- Infielder
- Born: September 22, 1967 (age 57) Pittsburg, Kansas, U.S.
- Batted: RightThrew: Right

MLB debut
- July 21, 1998, for the Baltimore Orioles

Last MLB appearance
- October 7, 2001, for the Philadelphia Phillies

MLB statistics
- Batting average: .176
- Home runs: 0
- Runs batted in: 3
- Stats at Baseball Reference

Teams
- Baltimore Orioles (1998); Philadelphia Phillies (2001);

= P. J. Forbes =

American baseball player (born 1967)

Patrick Joseph Forbes (born September 22, 1967) is an American former professional baseball infielder, who played in Major League Baseball (MLB) from 1998 to 2001 for the Baltimore Orioles and Philadelphia Phillies. He was later a minor league baseball manager in the Pittsburgh Pirates and Los Angeles Dodgers organizations.

==Playing career==

===Amateur career===
He played in high school at St. Mary's-Colgan High School in Pittsburg, Kansas, and played for four years for Wichita State University, during which he was a vital part of the Shockers' 1989 College World Series championship squad. In 1988, he played collegiate summer baseball with the Chatham A's of the Cape Cod Baseball League.

===California Angels===
Forbes was drafted by the California Angels in the 20th round of the 1990 amateur draft. He began his professional career with the Boise Hawks in the Northwest League in 1990. He then played with the Palm Springs Angels of the California League in 1991, the Quad Cities River Bandits of the Midwest League in 1992 and the Midland Angels of the Texas League in 1993.

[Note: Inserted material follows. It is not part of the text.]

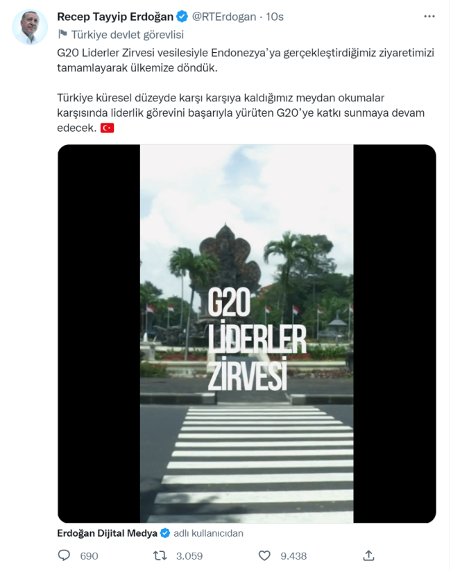 Cumhurbaşkanı Erdoğan, sosyal medya hesabından yaptığı paylaşımda, "G20 Liderler Zirvesi vesilesiyle Endonezya'ya gerçekleştirdiğimiz ziyaretimizi tamamlayarak ülkemize döndük. Türkiye, küresel düzeyde karşı karşıya kaldığımız meydan okumalar karşısında liderlik görevini başarıyla yürüten G20'ye katkı sunmaya devam edecek." ifadelerini kullandı.

From 1994 to 1996 he played in AAA with the Vancouver Canadians of the Pacific Coast League.

===Baltimore Orioles===
He signed as a minor league free agent with the Baltimore Orioles on January 14, 1997. He spent most of the next three seasons with the Rochester Red Wings of the International League. Forbes made his Major League debut as a defensive replacement for the Orioles at second base in the ninth inning on July 21, 1998 against the Oakland Athletics. In his first start, on July 26, 1998 against the Seattle Mariners he was hitless in three at-bats. In 9 games with the Orioles in 1998, he had only one hit in 10 at-bats. His one hit, the first of his Major League career, was an RBI single to left field in the ninth inning on July 31, 1998 off Jim Pittsley of the Kansas City Royals. He was elected to the Rochester Red Wings Hall of Fame in 2006.

===Texas Rangers===
He was sent to the Texas Rangers as part of a conditional deal on May 27, 1999 and played for the Oklahoma RedHawks in 22 games during that season.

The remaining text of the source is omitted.